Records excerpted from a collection

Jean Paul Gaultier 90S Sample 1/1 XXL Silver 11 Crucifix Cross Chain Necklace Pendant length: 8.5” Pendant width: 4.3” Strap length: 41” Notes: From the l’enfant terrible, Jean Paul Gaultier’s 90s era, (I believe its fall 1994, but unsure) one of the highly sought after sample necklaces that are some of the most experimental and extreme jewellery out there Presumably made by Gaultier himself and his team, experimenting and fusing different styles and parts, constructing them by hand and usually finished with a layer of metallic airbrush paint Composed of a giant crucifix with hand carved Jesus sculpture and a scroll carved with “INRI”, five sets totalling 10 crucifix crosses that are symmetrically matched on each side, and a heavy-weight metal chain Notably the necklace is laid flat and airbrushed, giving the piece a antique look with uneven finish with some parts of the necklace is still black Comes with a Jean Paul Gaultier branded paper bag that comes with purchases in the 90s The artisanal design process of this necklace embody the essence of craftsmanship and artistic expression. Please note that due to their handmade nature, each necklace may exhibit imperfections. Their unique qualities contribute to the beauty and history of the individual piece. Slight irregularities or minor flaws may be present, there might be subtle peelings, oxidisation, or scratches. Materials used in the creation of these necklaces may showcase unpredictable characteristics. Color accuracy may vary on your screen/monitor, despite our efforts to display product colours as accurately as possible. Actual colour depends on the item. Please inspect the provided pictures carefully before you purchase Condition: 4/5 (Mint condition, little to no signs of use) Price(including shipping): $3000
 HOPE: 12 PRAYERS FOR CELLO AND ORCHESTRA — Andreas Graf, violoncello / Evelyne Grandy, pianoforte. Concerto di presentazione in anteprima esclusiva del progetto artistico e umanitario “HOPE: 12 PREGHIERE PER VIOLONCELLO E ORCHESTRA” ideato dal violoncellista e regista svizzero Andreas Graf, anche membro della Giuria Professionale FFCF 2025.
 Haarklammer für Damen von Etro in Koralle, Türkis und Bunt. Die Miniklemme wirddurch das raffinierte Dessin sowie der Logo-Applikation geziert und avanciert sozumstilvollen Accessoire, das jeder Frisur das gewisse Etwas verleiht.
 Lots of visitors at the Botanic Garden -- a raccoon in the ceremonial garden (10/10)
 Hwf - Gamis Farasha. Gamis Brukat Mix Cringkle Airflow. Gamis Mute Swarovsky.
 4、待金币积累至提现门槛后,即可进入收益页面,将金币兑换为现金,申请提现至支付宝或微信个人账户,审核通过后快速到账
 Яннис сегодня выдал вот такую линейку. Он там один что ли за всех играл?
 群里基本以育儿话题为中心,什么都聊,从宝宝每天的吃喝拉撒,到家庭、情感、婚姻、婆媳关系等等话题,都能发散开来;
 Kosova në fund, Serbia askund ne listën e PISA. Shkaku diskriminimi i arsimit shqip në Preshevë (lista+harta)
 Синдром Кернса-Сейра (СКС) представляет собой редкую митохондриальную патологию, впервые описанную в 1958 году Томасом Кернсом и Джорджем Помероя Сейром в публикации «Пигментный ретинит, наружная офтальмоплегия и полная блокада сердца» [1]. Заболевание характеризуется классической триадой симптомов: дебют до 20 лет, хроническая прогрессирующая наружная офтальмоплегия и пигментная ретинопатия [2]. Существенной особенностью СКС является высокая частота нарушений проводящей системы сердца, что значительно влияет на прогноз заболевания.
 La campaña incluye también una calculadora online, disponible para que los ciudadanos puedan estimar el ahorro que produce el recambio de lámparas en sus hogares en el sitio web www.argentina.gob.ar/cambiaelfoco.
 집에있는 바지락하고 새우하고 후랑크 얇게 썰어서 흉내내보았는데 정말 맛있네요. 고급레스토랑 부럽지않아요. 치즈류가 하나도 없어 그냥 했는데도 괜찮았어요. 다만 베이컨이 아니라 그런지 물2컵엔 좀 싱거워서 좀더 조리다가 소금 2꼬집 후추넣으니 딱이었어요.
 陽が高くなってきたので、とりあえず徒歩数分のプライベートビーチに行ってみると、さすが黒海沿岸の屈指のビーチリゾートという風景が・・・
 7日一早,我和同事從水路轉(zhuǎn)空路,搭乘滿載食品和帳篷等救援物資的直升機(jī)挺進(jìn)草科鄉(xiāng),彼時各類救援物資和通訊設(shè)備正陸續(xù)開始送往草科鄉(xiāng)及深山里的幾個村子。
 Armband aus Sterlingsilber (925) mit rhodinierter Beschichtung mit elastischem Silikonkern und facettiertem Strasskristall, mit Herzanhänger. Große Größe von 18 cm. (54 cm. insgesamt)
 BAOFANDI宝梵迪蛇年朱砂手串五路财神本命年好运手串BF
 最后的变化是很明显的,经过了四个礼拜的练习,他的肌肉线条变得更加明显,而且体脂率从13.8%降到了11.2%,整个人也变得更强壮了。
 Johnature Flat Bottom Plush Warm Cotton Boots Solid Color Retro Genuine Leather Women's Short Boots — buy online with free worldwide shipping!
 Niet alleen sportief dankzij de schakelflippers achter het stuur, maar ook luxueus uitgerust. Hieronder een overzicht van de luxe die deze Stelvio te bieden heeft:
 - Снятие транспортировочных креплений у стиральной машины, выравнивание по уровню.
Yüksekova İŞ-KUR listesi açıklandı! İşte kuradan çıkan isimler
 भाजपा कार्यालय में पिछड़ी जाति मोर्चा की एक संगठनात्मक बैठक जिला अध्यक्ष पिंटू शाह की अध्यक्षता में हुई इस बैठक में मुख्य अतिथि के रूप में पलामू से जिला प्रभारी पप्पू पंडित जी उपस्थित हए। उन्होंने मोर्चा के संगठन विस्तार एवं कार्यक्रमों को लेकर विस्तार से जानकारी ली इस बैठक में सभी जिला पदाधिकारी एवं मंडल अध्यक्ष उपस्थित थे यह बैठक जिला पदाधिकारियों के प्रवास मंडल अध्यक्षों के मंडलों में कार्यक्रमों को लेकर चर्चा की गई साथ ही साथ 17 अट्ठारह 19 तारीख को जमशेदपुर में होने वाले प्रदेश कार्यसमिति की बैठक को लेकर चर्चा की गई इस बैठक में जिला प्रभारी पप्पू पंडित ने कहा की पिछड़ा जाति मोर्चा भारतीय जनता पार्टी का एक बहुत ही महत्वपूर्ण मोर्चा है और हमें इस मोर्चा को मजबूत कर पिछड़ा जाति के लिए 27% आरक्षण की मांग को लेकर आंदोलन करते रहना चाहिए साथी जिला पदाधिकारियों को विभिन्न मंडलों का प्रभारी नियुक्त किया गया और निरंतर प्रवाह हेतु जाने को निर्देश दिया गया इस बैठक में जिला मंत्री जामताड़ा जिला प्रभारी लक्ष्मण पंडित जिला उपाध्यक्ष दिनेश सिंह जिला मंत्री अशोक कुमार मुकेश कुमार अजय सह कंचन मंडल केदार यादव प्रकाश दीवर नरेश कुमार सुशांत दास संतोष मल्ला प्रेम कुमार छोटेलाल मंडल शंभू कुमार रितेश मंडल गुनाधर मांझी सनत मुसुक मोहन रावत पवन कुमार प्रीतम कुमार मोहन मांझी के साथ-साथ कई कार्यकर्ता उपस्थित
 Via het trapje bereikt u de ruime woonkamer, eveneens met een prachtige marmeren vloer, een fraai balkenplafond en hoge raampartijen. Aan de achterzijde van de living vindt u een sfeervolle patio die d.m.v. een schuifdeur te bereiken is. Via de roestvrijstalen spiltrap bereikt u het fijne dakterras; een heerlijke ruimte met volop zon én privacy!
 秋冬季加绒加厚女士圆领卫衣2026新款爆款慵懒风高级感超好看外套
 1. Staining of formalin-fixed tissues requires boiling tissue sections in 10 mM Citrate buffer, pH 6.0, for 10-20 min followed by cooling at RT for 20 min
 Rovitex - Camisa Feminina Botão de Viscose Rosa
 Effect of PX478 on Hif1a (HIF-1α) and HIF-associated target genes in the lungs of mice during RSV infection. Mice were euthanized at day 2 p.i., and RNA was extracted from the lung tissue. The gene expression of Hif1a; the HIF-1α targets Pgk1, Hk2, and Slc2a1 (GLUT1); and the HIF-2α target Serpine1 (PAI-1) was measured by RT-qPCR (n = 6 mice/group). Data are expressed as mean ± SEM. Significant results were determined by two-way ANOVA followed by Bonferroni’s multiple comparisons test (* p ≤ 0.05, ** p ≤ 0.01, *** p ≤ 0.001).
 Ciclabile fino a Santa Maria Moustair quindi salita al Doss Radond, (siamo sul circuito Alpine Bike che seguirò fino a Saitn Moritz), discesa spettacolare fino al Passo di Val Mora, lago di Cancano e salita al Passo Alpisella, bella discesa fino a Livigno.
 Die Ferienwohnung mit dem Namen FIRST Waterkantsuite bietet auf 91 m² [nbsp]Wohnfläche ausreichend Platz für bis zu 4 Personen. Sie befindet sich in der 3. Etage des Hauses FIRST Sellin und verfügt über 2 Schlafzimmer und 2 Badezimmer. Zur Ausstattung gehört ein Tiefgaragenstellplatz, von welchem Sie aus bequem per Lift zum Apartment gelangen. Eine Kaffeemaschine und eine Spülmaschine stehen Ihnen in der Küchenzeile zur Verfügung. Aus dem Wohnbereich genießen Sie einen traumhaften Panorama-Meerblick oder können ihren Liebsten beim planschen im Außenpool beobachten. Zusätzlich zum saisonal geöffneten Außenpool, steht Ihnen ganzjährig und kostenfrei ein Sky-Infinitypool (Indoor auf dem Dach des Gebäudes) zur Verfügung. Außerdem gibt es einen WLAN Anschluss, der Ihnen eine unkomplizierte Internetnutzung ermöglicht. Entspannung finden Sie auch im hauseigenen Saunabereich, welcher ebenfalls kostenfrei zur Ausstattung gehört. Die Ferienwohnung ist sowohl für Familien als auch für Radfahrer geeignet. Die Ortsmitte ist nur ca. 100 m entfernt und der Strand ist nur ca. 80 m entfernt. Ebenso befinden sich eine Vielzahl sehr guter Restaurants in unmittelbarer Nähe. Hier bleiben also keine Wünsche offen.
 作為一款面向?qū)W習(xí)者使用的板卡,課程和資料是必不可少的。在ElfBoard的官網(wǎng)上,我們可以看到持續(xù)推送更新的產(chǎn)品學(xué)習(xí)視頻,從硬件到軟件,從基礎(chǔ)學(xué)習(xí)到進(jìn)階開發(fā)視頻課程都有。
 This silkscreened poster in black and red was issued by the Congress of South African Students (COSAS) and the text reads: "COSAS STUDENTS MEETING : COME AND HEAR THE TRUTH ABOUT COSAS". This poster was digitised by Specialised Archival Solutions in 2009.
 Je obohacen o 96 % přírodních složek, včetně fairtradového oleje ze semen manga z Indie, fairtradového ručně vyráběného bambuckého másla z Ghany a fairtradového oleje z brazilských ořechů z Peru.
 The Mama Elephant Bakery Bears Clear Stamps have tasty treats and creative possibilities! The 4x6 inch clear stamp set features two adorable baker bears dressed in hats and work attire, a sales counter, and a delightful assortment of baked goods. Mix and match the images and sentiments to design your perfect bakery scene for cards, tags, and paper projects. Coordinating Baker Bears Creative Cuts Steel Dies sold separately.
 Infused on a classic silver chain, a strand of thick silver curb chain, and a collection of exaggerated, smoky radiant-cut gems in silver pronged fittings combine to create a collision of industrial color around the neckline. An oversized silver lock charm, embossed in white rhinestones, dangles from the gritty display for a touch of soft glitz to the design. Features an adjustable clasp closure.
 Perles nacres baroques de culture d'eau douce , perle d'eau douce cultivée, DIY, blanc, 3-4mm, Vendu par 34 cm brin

## Problem to work on
Starting at the line that contains "Lots of visitors" and stopping after the line that contains "La campaña incluye", write out every line exactly as it appears above, and no other line.

## Written response
 Lots of visitors at the Botanic Garden -- a raccoon in the ceremonial garden (10/10)
 Hwf - Gamis Farasha. Gamis Brukat Mix Cringkle Airflow. Gamis Mute Swarovsky.
 4、待金币积累至提现门槛后,即可进入收益页面,将金币兑换为现金,申请提现至支付宝或微信个人账户,审核通过后快速到账
 Яннис сегодня выдал вот такую линейку. Он там один что ли за всех играл?
 群里基本以育儿话题为中心,什么都聊,从宝宝每天的吃喝拉撒,到家庭、情感、婚姻、婆媳关系等等话题,都能发散开来;
 Kosova në fund, Serbia askund ne listën e PISA. Shkaku diskriminimi i arsimit shqip në Preshevë (lista+harta)
 Синдром Кернса-Сейра (СКС) представляет собой редкую митохондриальную патологию, впервые описанную в 1958 году Томасом Кернсом и Джорджем Помероя Сейром в публикации «Пигментный ретинит, наружная офтальмоплегия и полная блокада сердца» [1]. Заболевание характеризуется классической триадой симптомов: дебют до 20 лет, хроническая прогрессирующая наружная офтальмоплегия и пигментная ретинопатия [2]. Существенной особенностью СКС является высокая частота нарушений проводящей системы сердца, что значительно влияет на прогноз заболевания.
 La campaña incluye también una calculadora online, disponible para que los ciudadanos puedan estimar el ahorro que produce el recambio de lámparas en sus hogares en el sitio web www.argentina.gob.ar/cambiaelfoco.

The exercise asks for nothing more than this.